Under the bridge

by Jenny

The bus drives out of town leaving Tommy behind it in a cloud of dust. He shoulders his rucksack, hoists his new trademark half smile onto his face and strides towards mum’s. It is the beginning of summer and he’s here again, home again, back to rule the roost again.

When mum opens the door he doesn’t notice the faint trace of alarm behind her surprise, seeing only delight. He stoops to wrap her in a distracted hug then throws his rucksack onto the hall floor and pours himself a hot coffee from the pot.

Mum watches from the doorway as he drinks her coffee and sprawls his adolescent bulk across her breakfast bar to read her newspaper.

“Aren’t you pleased to see me?” he smiles, not noticing that she doesn’t answer.

Larry and Jake will finish work by five and will be dying to hear about his adventures. His conquests. He runs through the girls in his head, choosing which to share, anticipating their envy and admiration. He has done it. He has broken free. He won’t be working in the petrol station for the next 50 years like Jake, or be chained to one of the town’s six girls his age like Larry.

It’s a whole world they have never known and Tommy has sampled it. A world of late nights and later mornings. Of beer and dancing with girls whose families you’ve never met, girls who were soft and warm and willing. And if they weren’t willing, why worry? They never mattered in the morning.

He goes to meet the boys at seven and, passing the river, he sees a girl he doesn’t know.

Tommy’s feet lead him to her. She is pretty, maybe fifteen? Old enough anyway. She smiles at him with full lips and lowered lashes. He sits beside her and asks her name, but she doesn’t answer. Tommy is excited by her coyness, by the challenge of her.

The girls on campus were all like this. Smiling and savvy at the start, then playing hard to get when it came down to it. He hadn’t met a girl who didn’t want him. Even if she said she didn’t at first, he always managed to make them see reason with a little gentle pressure. This little hick girl is gasping for the taste of a real man, even if she doesn’t know it yet.

To his surprise she doesn’t resist his fumblings, not even at first. Instead she sinks willingly into the mud under his weight, accepting his advance and matching it, hips rising to meet his.
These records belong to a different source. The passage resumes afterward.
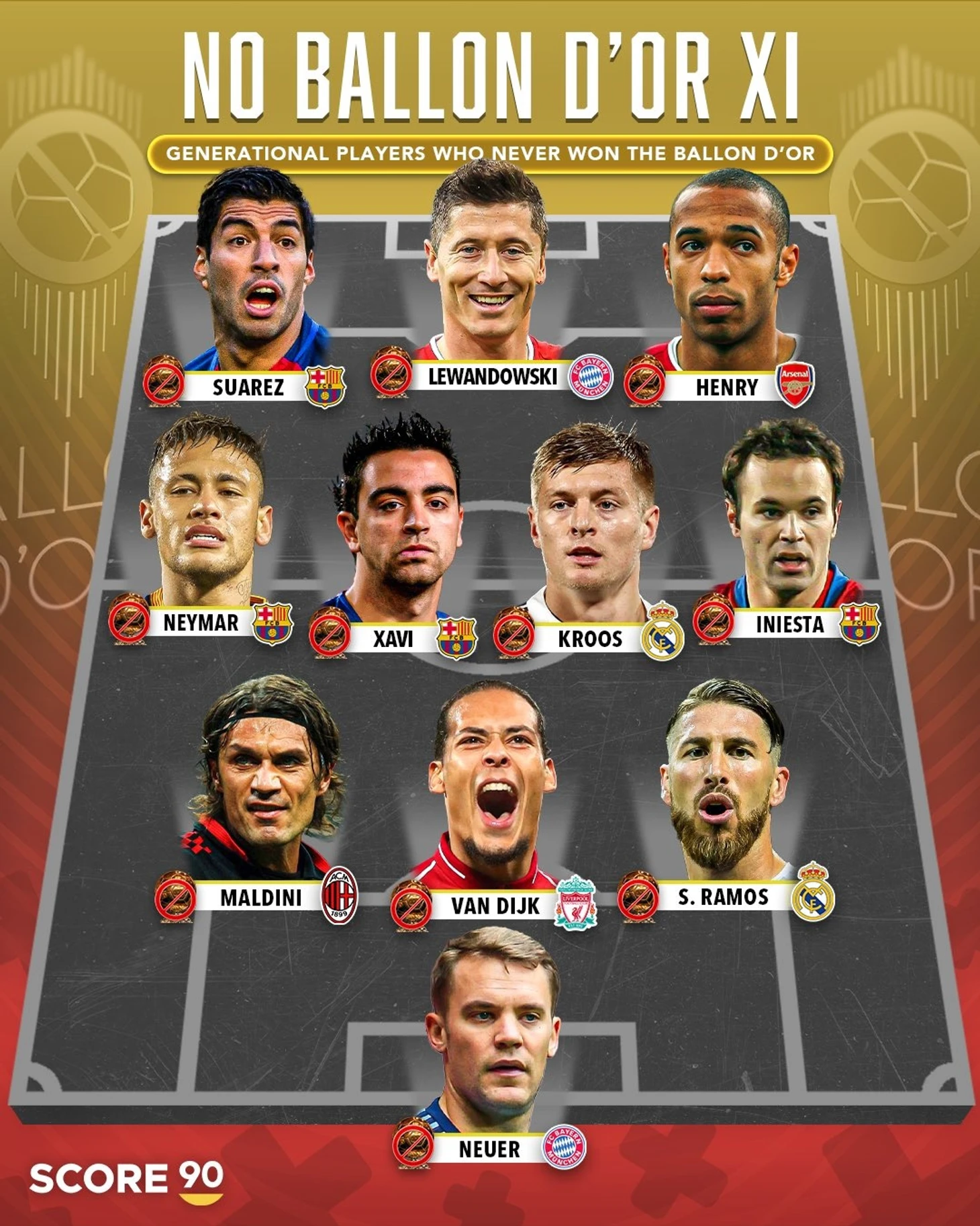 В разные годы без «Золотого мяча» оставались великолепные футболисты, которые бы обязательно взяли награду, если бы обстоятельства сложились иначе. Портал Score 90 собрал символическую сборную футболистов без «Золотого мяча», в команду попали ярчайшие представители своего поколения.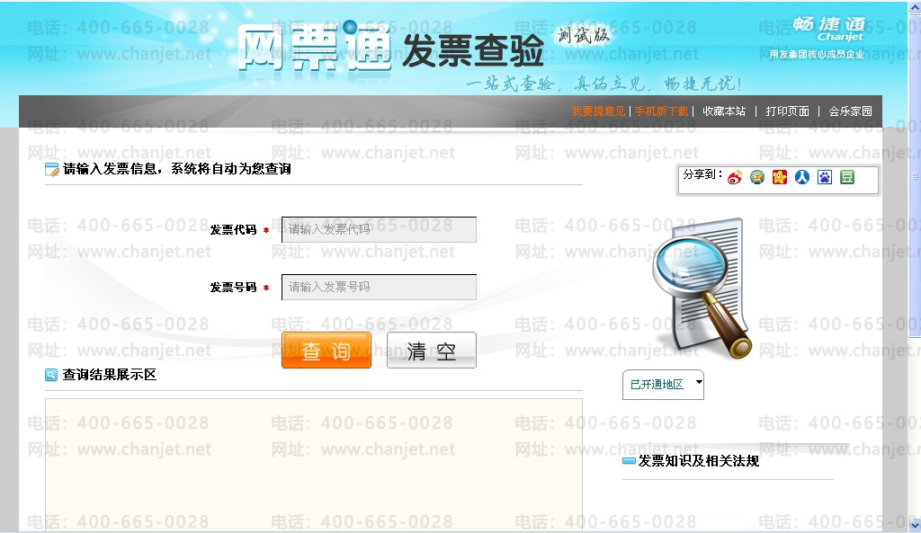 点击“发票查验”进入发票查验界面,需链接网络;按要求输入发票信息,点击“查询”,可查询发票的真伪,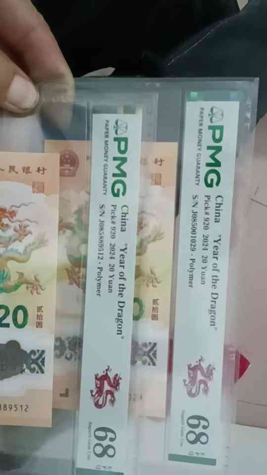 2800收小龙钞朦胧号首期标pmg68分,带英文字母的,中文也行,要918的,要2张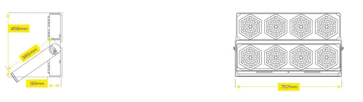 Betriebsspannung: AC 85-265V, 50/60Hz LED: 8 Module a 168 LEDs, CREE 3030 140lm/Watt Netzteil: 4*MeanWell Abstrahlwinkel: 30°, Modul schwenkbar Lumen: 8*14000lm = 112000lm Effizienz: 140Lm/Watt Lichtfarbe: 5700K ±150 CRI: Ra>70 dimmbar: nein Gehäuse: Aluminium Arbeitstemperatur: -40°C bis +65°C Schutzklasse: IP67 / IK08 Abmessungen: 757*92*458mm Andere Abstrahlwinkel auf Anfrage: 10°/30°/60°/90°/120° Andere Lichtfarben auf Anfrage: 4000K/5000K/5700K/6500/ Energieeffizienzklasse: A++ kWh/1000h: 800 Der Anschluss Elektrischer Bauteile und Anlagen darf grundsätzlich nur von qualifizierten Fachpersonal vorgenommen werden!

It is smooth and almost graceful. Those full lips part softly for his ravenous tongue.

So when she slips deftly from under him and beckons for him to follow Tommy doesn’t think twice. He stands, mouth open, eyes staring, jeans bulging and follows the lithe figure into the shadows of the bridge.

It’s three days before anyone sees Tommy again. When they do he’s sitting on the riverbank staring blindly into the shadow of the bridge, his eyes fixed on some invisible horror. He’s wearing nothing but his underwear, soiled and bloody, his mouth a perfect, slack O.

When mum reaches a gentle hand to touch his shoulder. He turns to look and when Tommy sees her he opens his mouth and begins to scream.